Actualités | Réchauffement climatique : l’augmentation de températures actuelle déclencherait des points de non-retour
Actualités

Réchauffement climatique : l’augmentation de températures actuelle déclencherait des points de non-retour

Laura J. Publié par Laura J. - le 9 sept. 2022

La nouvelle est tombée : à en croire une étude publiée dans la revue Science jeudi 08 septembre, atteindre l’objectif de limitation du réchauffement climatique le plus ambitieux ne serait même pas suffisant pour endiguer les conséquences néfastes engendrées par les changements de températures. Ne pas dépasser + 1.5°C semble déjà être pratiquement inatteignable, et malheureusement, les scientifiques à l’origine du papier à peine révélé au grand public annoncent désormais que plusieurs points de basculement climatiques seraient au goût du jour et engendreraient des réactions en chaîne catastrophiques.

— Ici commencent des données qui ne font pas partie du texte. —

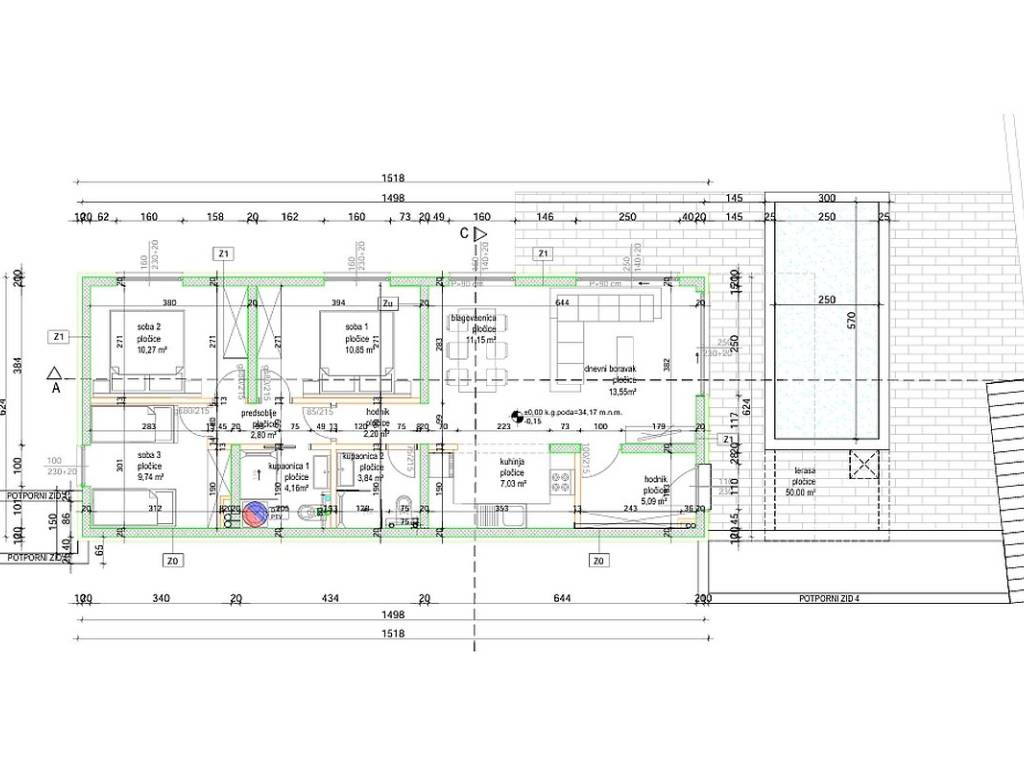It is located in a smaller residential building with only three apartments and is located on the ground floor of the building. It has 80,08 m and consists of an anteroom, two hallways, three bedrooms, two bathrooms, a kitchen with a dining room and a living room that leads to a paved terrace and a garden with a pool of a total of 160,81 m. The garden and pool provide additional space for enjoying, sunbathing and socializing outdoors.

Voyons un peu ce que disent ces chercheurs.

Qu’est-ce qu’un point de basculement ?

Peut-être est-il plus simple de commencer cet article explicatif par une définition claire. La plus pertinente semble être celle fixée par le GIEC (c’est-à-dire le Groupe d'experts climat de l'ONU). Un point de basculement, c’est donc selon cette entité « un seuil critique au-delà duquel un système se réorganise, souvent brutalement et/ou de manière irréversible ».

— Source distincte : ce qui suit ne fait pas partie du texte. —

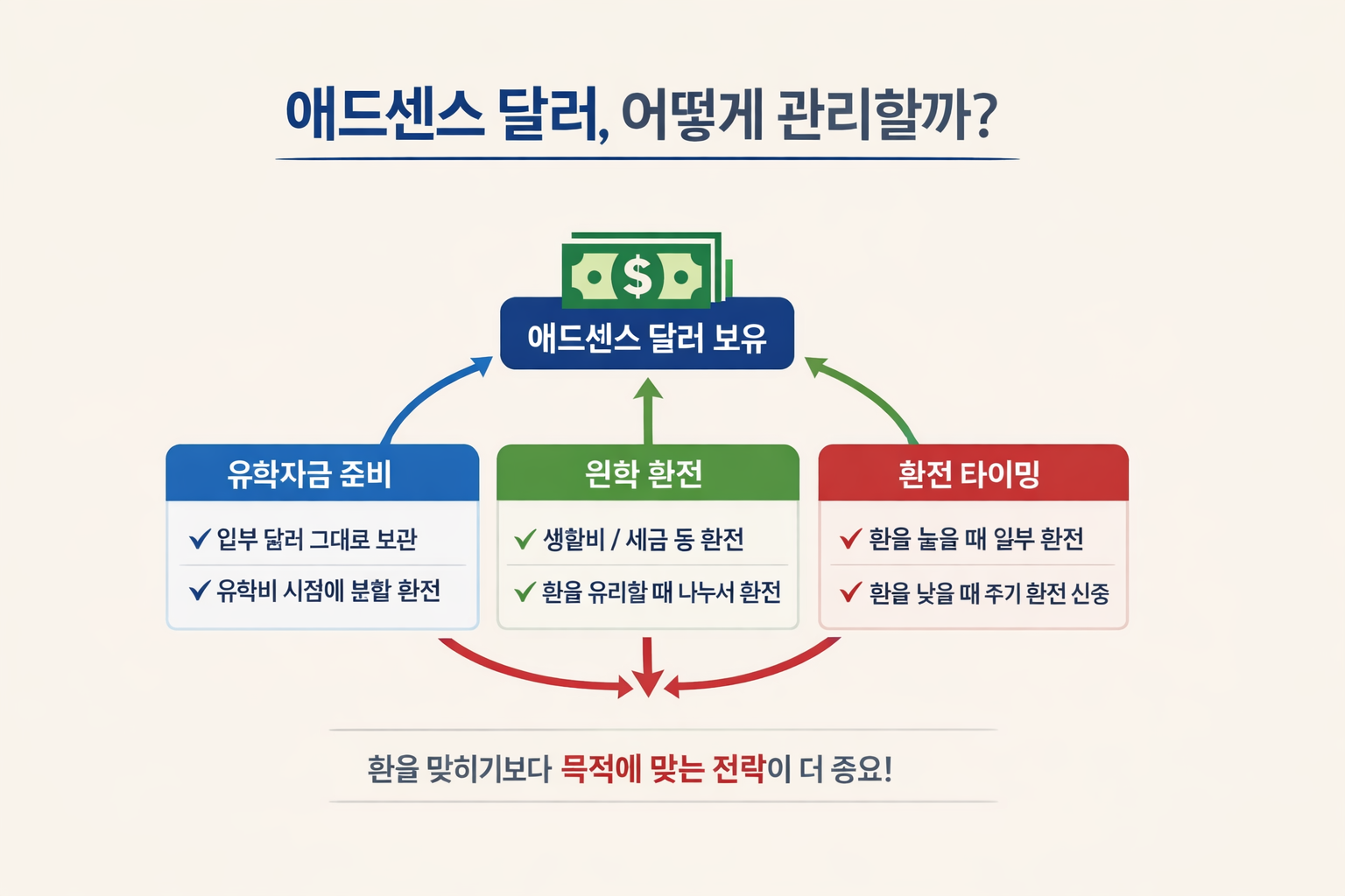 결국 선택의 기준은 단순합니다. 애드센스 달러를 투자 수익으로 볼 것인가, 아니면 미래 지출을 위한 준비 자금으로 볼 것인가. 유학 계획이 있다면 답은 이미 정해져 있습니다. 애드센스로 받은 달러를 무조건 원화로 바꾸지 않아도 됩니다. 오히려 그 달러를 지키는 것이, 가장 현실적인 선택일 수 있습니다.

Lorsqu’un point de basculement est déclenché, il entraine avec lui toute une série de bouleversements et crée un effet boule de neige de manière inéluctable. Il est alors à l’origine de conséquences en cascade qui sont très difficiles à anticiper.

Quel est l’objectif de cet article scientifique ?

Le but de l’étude publiée dans Science est de mieux estimer les seuils de déclenchement de ces points de rupture, notamment en condensant environ 200 recherches menées par les scientifiques les plus spécialisés de la planète en la matière.

Jusqu’à présent, les experts estimaient que les premiers points de rupture seraient déclenchés à partir du moment où une augmentation de 3 à 5 °C serait atteinte. Cette publication-ci vient bouleverser la donne puisqu’elle annonce que les estimations n’étaient pas exactes et que ces changements seraient déclenchés à partir de 1.5 °C d’augmentation, et peut-être même dès à présent.

La hausse des températures enregistrée à l’heure actuelle et qui ne cesse de s’accentuer est en effet apparemment déjà susceptible d'amorcer 5 de ces points de rupture, notamment autour du sujet de la fonte des calottes glaciaires en Antarctique et au Groenland.

Quels points de basculements sont susceptibles d’être rapidement atteints ?

Autre nouveauté, les chercheurs ont identifié un total de 16 points de basculement majeurs :

  • 9 au niveau planétaire ;
  • 7 au niveau régional.

Sur ces 16 éléments identifiés, nous avons vu plus haut que 5 sont déjà susceptibles d’être très rapidement d’actualité – rappelons que nous avons enregistré jusqu’à présent une augmentation de 1.2°C par rapport aux températures de l’ère préindustrielle. Les points en question concernent notamment :

  • Les calottes glaciaires, dont la fonte serait responsable à l’échelle de plusieurs centaines d’années d’une augmentation de 10 mètres du niveau de l’océan ;
  • Un potentiel dégel brutal du permafrost dans l’hémisphère nord, qui en plus de modifier les paysages libèrerait d’immenses quantités de gaz à effet de serre dans l’atmosphère ;
  • L'arrêt de ce que l’on appelle le phénomène de transfert de chaleur se produisant dans la mer du Labrador. Ce dernier amène de l'air chaud sur le continent européen. Un bouleversement de ce mouvement de convection entrainerait donc des hivers plus froids ;
  • La disparition des barrières de corail déjà bien amorcée et qui impacterait plus de 500 millions d’humains sur la planète.

Lorsqu’un réchauffement de + 1,5°C sera atteint (d’ici quelques années donc), 4 autres points basculeront alors de la catégorie « possible » à la catégorie « probable ». En plus de cela, l’étude explique que 5 autres éléments sur ces 16 deviendront à leur tour « possibles ».

Un appel au changement et à la positivité est toutefois lancé

La conclusion de l’étude se veut cependant positive. Ces points de basculement aggraveraient très peu le réchauffement selon les experts. Ces derniers pensent en effet que l'humanité est encore en mesure de limiter les dégâts.

Tim Lenton, l’un des scientifiques impliqués dans la recherche conclut "Peut-on changer, transformer nos modes de vie? Penser de manière systémique, avec cette idée de point de rupture, nous donne une lueur d'espoir".